Before calculating the contiguity matrix, the data must be converted into a Spatial object.
# Converting into spatial object
support.sp <- as(pro.sf.final, "Spatial")
# Generating the matrix
cont.nb <- poly2nb(as(support.sp, "SpatialPolygons"))

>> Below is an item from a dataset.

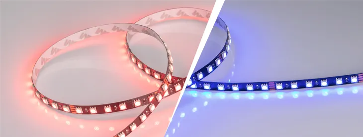 Мультицветные ленты, серия B84. Тип светодиодов 5060 (B), 84 светодиода на 1 метр. Мультицветная подсветка ниш, декора. Световые линии с изменяемым цветом свечения.

## although coordinates are longitude/latitude, st_intersects assumes that they are planar
cont.listw <- nb2listw(cont.nb, style="W")
cont.listw
## Characteristics of weights list object:
## Neighbour list object:
## Number of regions: 34
## Number of nonzero links: 132
## Percentage nonzero weights: 11.41869
## Average number of links: 3.882353
##
## Weights style: W
## Weights constants summary:
## n nn S0 S1 S2
## W 34 1156 34 20.30275 152.8701
As per the above output, the average number of links, which means average number of provinces a particular province shares border with, is roughly 3.88.
india.mt <- nb2mat(cont.nb)
india.mt[1:5, 1:5]
## [,1] [,2] [,3] [,4] [,5]
## 1 0 0.0000000 0.0 0 0
## 2 0 0.0000000 0.5 0 0
## 3 0 0.1428571 0.0 0 0
## 4 0 0.0000000 0.0 0 0
## 5 0 0.0000000 0.0 0 0
The above matrix contains the assigned weights to every province depending on the neighborhood structure.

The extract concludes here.